My friend Ben Domenech has an extremely provocative piece up at his website The New Ledger (which you should check out for some really top notch features).  The topic is conservative advocacy organizations and think tanks.  Domenech thinks they are eating up donor dollars when an entirely different set of individuals and/or organizations would be able to do much more with less.  

Here's a clip (but you should really read the whole piece and see what you think):

Consider the example of one tenured think tank scholar, who I will not name, but whose identity may be fairly obvious. He is a resident scholar at a DC-area thinktank; he has co-written a book, which sold decently and prompted debate (more about its politics than its policy ideas); he is a contributing editor to several journals; and while he has never worked in government or on public policy, and has no advanced education in the discipline he primarily writes about, he is already living the life of a tenured professor. While he has never proposed a relevant policy solution on any matter, certainly not one that has been taken up by a politician, his students are an audience of readers who find his work of interest - he is now published regularly at more than a half dozen journals of opinion. For this he is well compensated.

Now consider the other side of this coin, the modern blogger - again, an individual I will not name, but who is well known within the center-right blogosphere. This is a young man, a veteran, with a family, a blue collar background, and a day job as a low-level tech worker. He writes on his own time, with his work focused on breaking news, and gets thousands of hits every day to his work. He has broken at least three major stories over the past two years by my count, including a news-breaking video that got extensive play on Fox News, CNN, and MSNBC. He gets no money to do this work, and the amounts he's received from major sources have never been more than the occasional monthly car payment. He struggles to support his family, but he believes what he's doing is important, so he sticks to it.

For the first candidate, money is not a worry. He is part of an organization that is focused on raising it, so this renaissance man can pay his mortgage, have an office, benefits, and never miss a paycheck or a TV appearance. This money will come from a center-right donor or group of donors, who could instead be funding this cutting edge journalist (breaking news that will drive the debate) or an activist at the state level (running investigative journalism project or government watchdog work) or the blogger in question.

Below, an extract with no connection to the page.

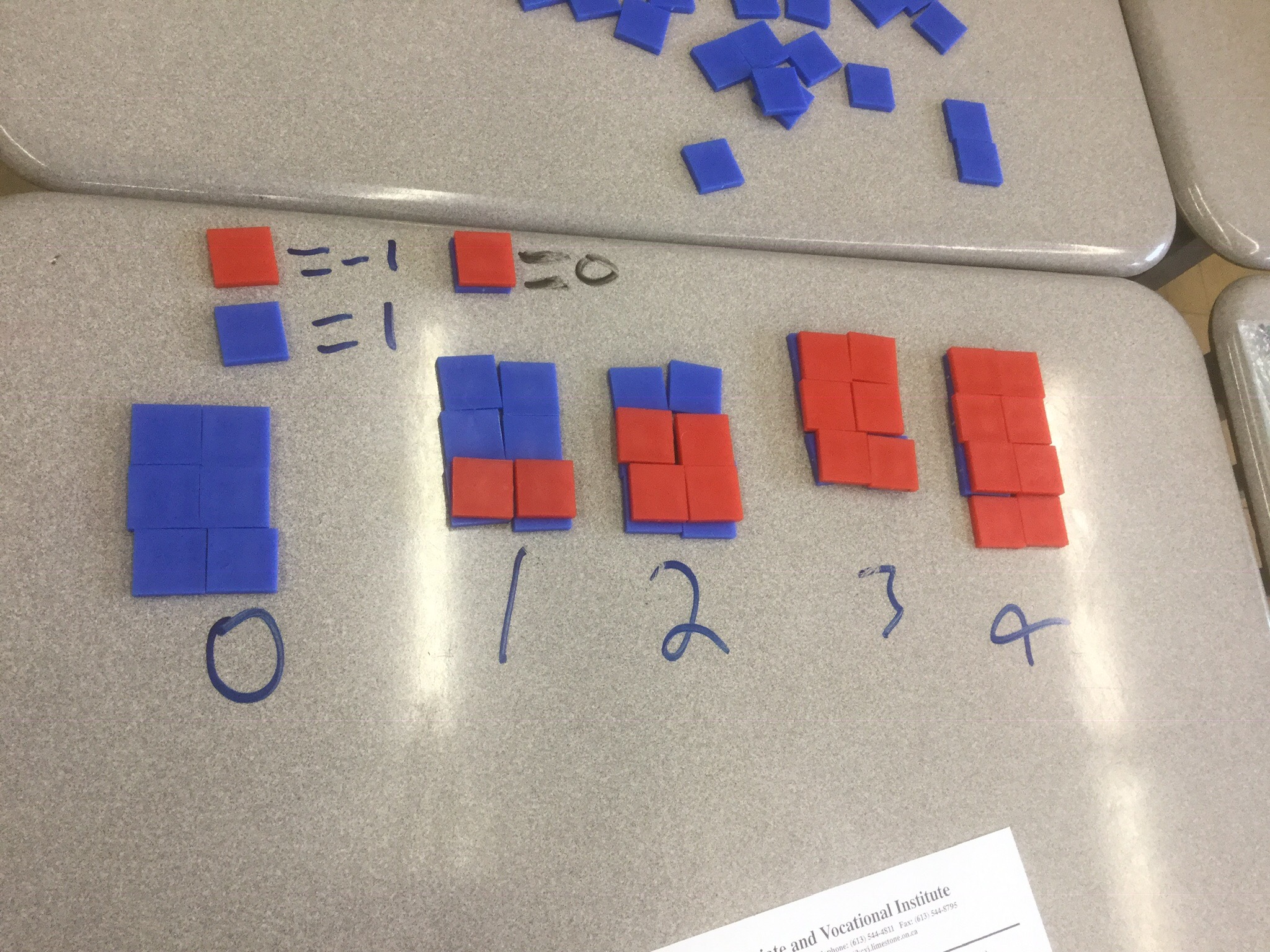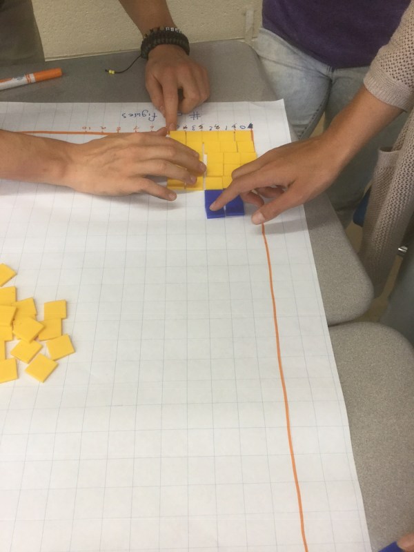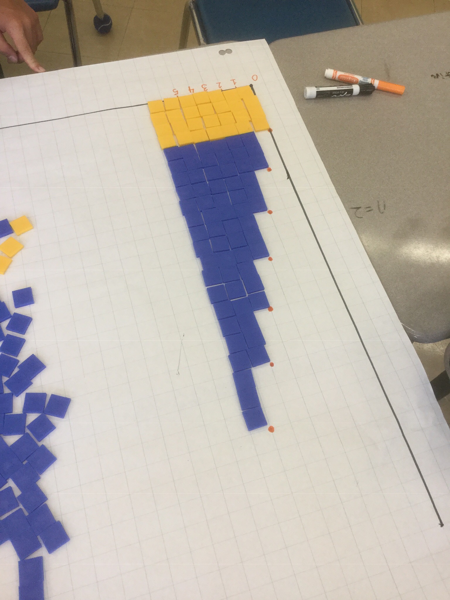 Each group was given 2 different expressions to build on their graph. We used the big chart paper because our tiles are the same as the squares. We lined up all the tiles from each figure vertically, and put a dot with marker on the top left corner of each column.

This is the way things are, and given that it is the case, it's hard to blame any individual writer or activist on the conservative side who decides to give up in this environment, when they see dollar after dollar headed to top-heavy, inefficient, old-guard organizations. To the next generation of activists, asking why is there no money for smart online activism, why people like James O'Keefe and others rebuffed by Washington must go out west to the very non-Beltway (a compliment) Andrew Breitbart to find cash for a project like the recent impressive work on ACORN, the answer is that it's headed either toward paying for smart people to write and talk, or paying for aging response organizations to track when their writing and talking is ignored by the mainstream media.

Now, as at least a relative of those intellectuals whom Domenech mercilessly charges with semi-uselessness I have to say, YEEE-OUCH.  But of course, this is part of the reason why we should be off in universities (as I am) forming young minds while we are writing our books and papers.  

Domenech's jeremiad is the kind of piece that needs to be carefully considered and slowly digested, but I have to say that I am nearly certain we would all benefit from the type of conversation he is trying to start.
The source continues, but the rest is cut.